In the records below, the line with "POST /echo HTTP/1.1" opens the range and the line with "СЗУ 2USB 2.1A" closes it; print that range exactly and nothing else.

_Data_
------------------------------------

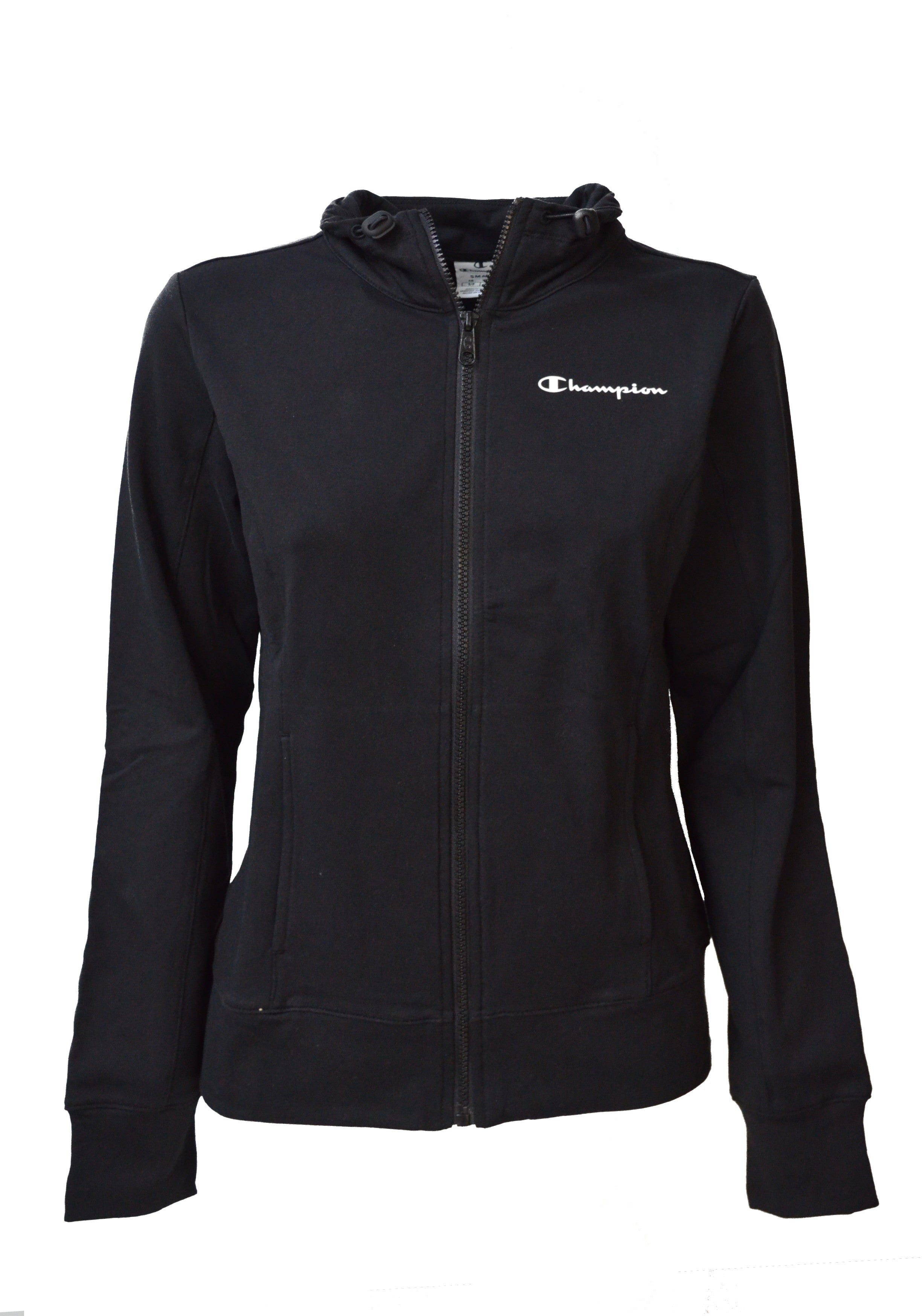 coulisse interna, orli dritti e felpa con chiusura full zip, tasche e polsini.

------------------------------------

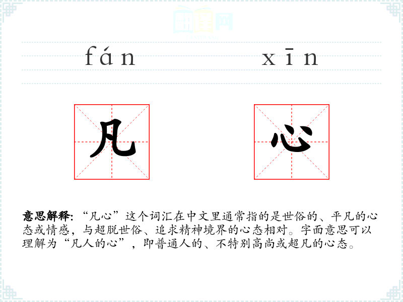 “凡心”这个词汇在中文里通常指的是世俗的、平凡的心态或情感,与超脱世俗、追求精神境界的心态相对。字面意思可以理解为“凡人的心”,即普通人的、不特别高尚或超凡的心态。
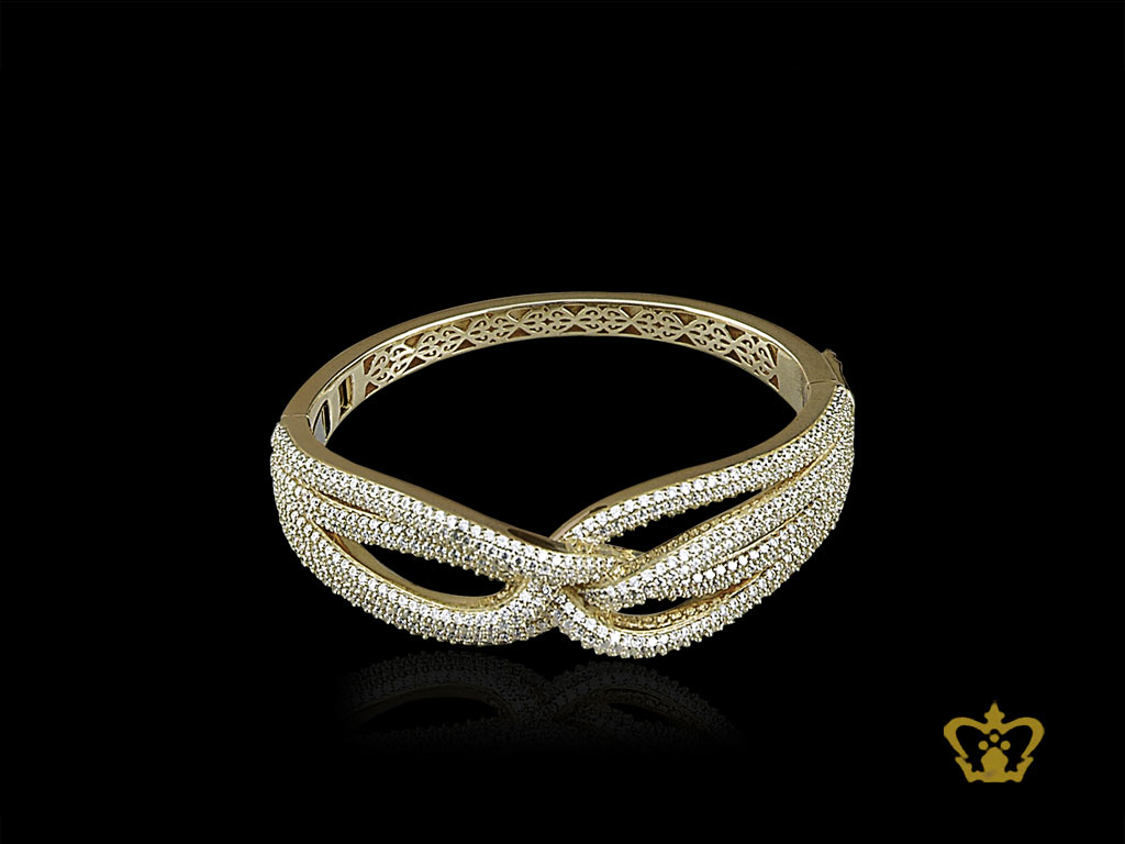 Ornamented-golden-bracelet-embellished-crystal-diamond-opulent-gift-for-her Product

------------------------------------

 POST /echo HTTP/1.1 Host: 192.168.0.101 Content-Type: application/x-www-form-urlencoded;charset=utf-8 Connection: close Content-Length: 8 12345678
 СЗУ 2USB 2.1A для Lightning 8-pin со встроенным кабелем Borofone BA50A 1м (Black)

------------------------------------

_Response box_
 POST /echo HTTP/1.1 Host: 192.168.0.101 Content-Type: application/x-www-form-urlencoded;charset=utf-8 Connection: close Content-Length: 8 12345678
 СЗУ 2USB 2.1A для Lightning 8-pin со встроенным кабелем Borofone BA50A 1м (Black)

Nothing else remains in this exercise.